Create a view that shows only records owned by the current user:

curl -X POST https://api.fyso.dev/api/views \
-H "Authorization: Bearer <admin-token>" \
-H "Content-Type: application/json" \
-d '{
"entitySlug": "orders",
"slug": "my-orders",
"name": "My Orders",
"filterDsl": {
"validate": [{"condition": "owner_id == $currentUser"}]
}
}'

Create a role that can only access records through this view:

curl -X POST https://api.fyso.dev/api/roles \
-H "Authorization: Bearer <admin-token>" \
-H "Content-Type: application/json" \
-d '{
"name": "order-viewer",
"permissions": {
"entities": {
"view:my-orders": ["read"]
}
}
}'

Assign the role to a user:

curl -X POST https://api.fyso.dev/api/roles/users/<user-id>/roles \
-H "Authorization: Bearer <admin-token>" \
-H "Content-Type: application/json" \
-d '{"roleId": "<order-viewer-role-id>"}'

Now the user queries records through the view:

curl https://api.fyso.dev/api/views/my-orders/records \
-H "Authorization: Bearer <user-token>"

They only see their own orders.

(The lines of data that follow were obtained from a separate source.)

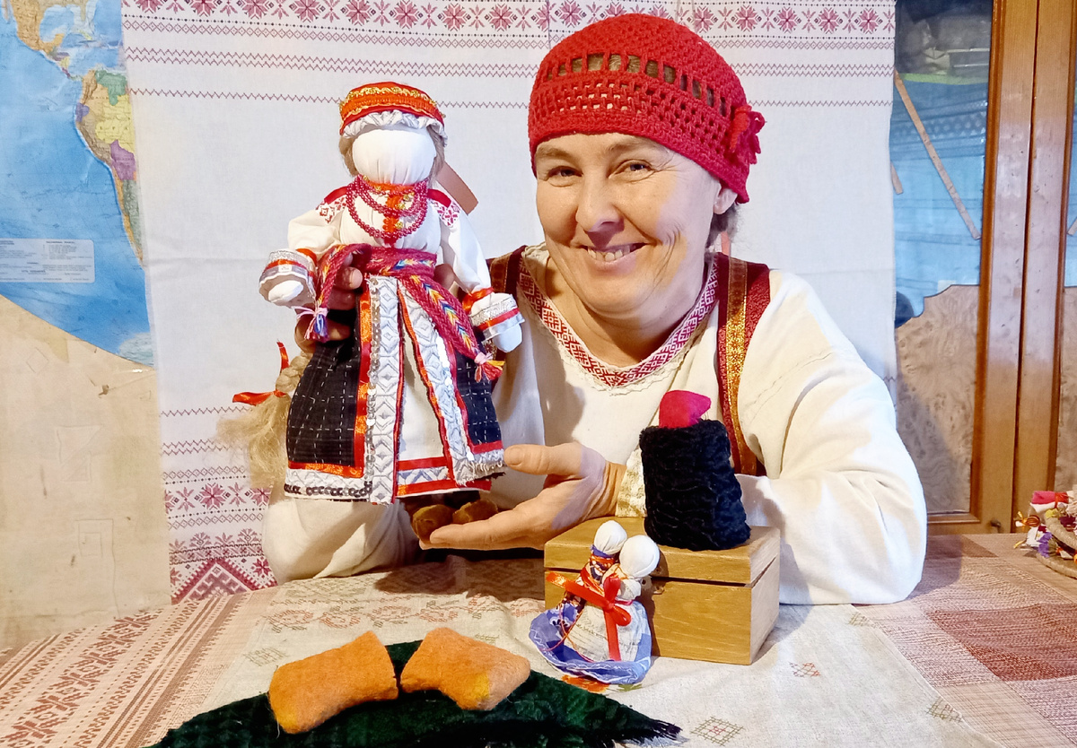 — У нас есть передвижной выставочный проект «Живые ремёсла». Мы с мужем и сыном создали выставку с интерактивной частью ― проведением мастер-классов. Мы эту выставку провезли по всему Джанкойскому району, это Северный Крым, наиболее обделённый курортной инфраструктурой. Мы знакомили сельских детей с нашими работами и ремёслами на практике. На выставке были глиняные игрушки сына Светозара, гончарные изделия мужа, выполненные в народных традициях славян, русских народных традициях. И были мои обережные куклы- мотанки, обрядовые, семейные, в общем, разные куклы разных народов России. Более 47 изделий.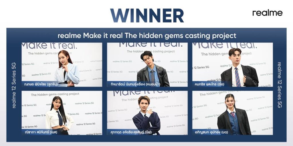 โครงการ The Hidden Gems Casting Project ตอกย้ำวิสัยทัศน์ของ realme ในการสนับสนุนคนรุ่นใหม่ให้กล้าแสดงออกอย่างสร้างสรรค์และเป็นตัวเองในเวอร์ชันที่ดีที่สุดภายใต้แนวคิด Make it real! โดยเปิดโอกาสให้หนุ่มสาวอายุตั้งแต่ 18 – 25 ปี สมัครเข้าประกวดแสดงความสามารถเพื่อทำการคัดเลือกผู้ชนะจำนวน 6 คนเซ็นสัญญาเข้าทำงานในสังกัด “คุณเกล้า น้ำพราว” ผู้จัดการนักแสดงชื่อดังและยังเป็นผู้จัดการส่วนตัวของดาราสาวชื่อดัง “ใหม่” ดาวิกา โฮร์เน่ แบรนด์แอมบาสเดอร์ของ realme 12 Series 5G ซึ่งเพิ่งเปิดตัวอย่างยิ่งใหญ่เมื่อต้นปีที่ผ่านมา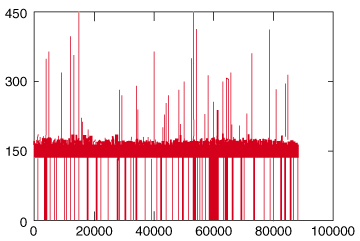 Figure 5: Delay trace from a round-trip delay measurement between Helsinki (Finland) and Ottawa (Canada) made on the Internet, December 1999. Y-axis indicates round-trip delay (in milliseconds), and x-axis indicates sequence number S1. Zero delays are packet losses.

Users without the view:my-orders permission get 403.

View Query Parameters

Views support the same query parameters as entity records:

ParameterTypeDefaultDescription
pagenumber1Page number
limitnumber20Items per page
sortstring-Sort field
orderstringascasc or desc
searchstring-Full-text search
filter.{field}string-Additional filter (AND with view filter)

Additional query filters compose with the view's base filter using AND logic.